Significant reduction in manual annotation costs in ultrasound medical image database construction through step by step artificial intelligence pre-annotation.

Authors

Zheng F,XingMing L,JuYing X,MengYing T,BaoJian Y,Yan S,KeWei Y,ZhiKai L,Cheng H,KeLan Q,XiHao C,WenFei D,Ping H,RunYu W,Ying Y,XiaoHui B

Affiliations (4)

  • The Ultrasound Diagnosis Department, The 906th Hospital of Joint Logistics Support Force of PLA, Ningbo City, Zhejiang Province, China.
  • State Power Investment Corporation, Ningbo City, Zhejiang Province, China.
  • Third Rehabilitation Zone, Hangzhou Rehabilitation Center for Special Duty Service Men of the PLA Air Force, Hangzhou City, Zhejiang Province, China.
  • The Ultrasound Diagnosis Department, Hangzhou Special Service Sanatorium of the PLA Air Force, Hangzhou City, Zhejiang Province, China.

Abstract

This study investigates the feasibility of reducing manual image annotation costs in medical image database construction by utilizing a step by step approach where the Artificial Intelligence model (AI model) trained on a previous batch of data automatically pre-annotates the next batch of image data, taking ultrasound image of thyroid nodule annotation as an example.
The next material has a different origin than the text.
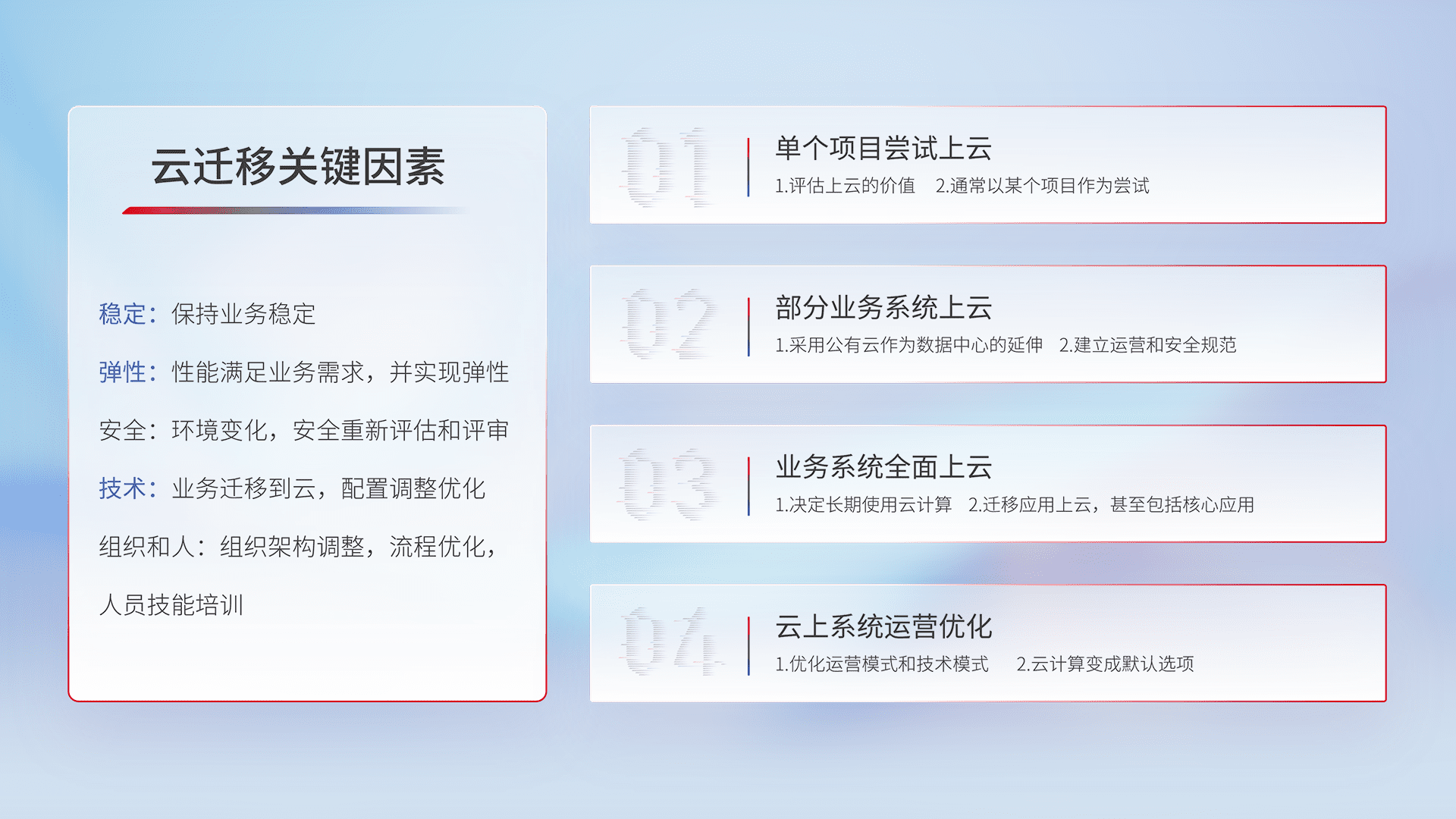 结合实际业务,,,,从规划设计、、云平台选型、、云原生改造、、、、数据迁移、、、集成交付,,迁移全过程为客户识别最佳上云路径,,,,做好风险识别管理,,设计网络架构、、、、身份权限、、安全审计合规、、、、操作审计、、日志审计、、监控告警策略、、、、多站点容灾设计等,,,对云上基础设施进行整体规划,,提升IT治理水平,,以满足弹性、、、高可用、、、高性能的需求。。。

The study used YOLOv8 as the AI model. During the AI model training, in addition to conventional image augmentation techniques, augmentation methods specifically tailored for ultrasound images were employed to balance the quantity differences between thyroid nodule classes and enhance model training effectiveness. The study found that training the model with augmented data significantly outperformed training with raw images data. When the number of original images number was only 1,360, with 7 thyroid nodule classifications, pre-annotation using the AI model trained on augmented data could save at least 30% of the manual annotation workload for junior physicians. When the scale of original images number reached 6,800, the classification accuracy of the AI model trained on augmented data was very close with that of junior physicians, eliminating the need for manual preliminary annotation.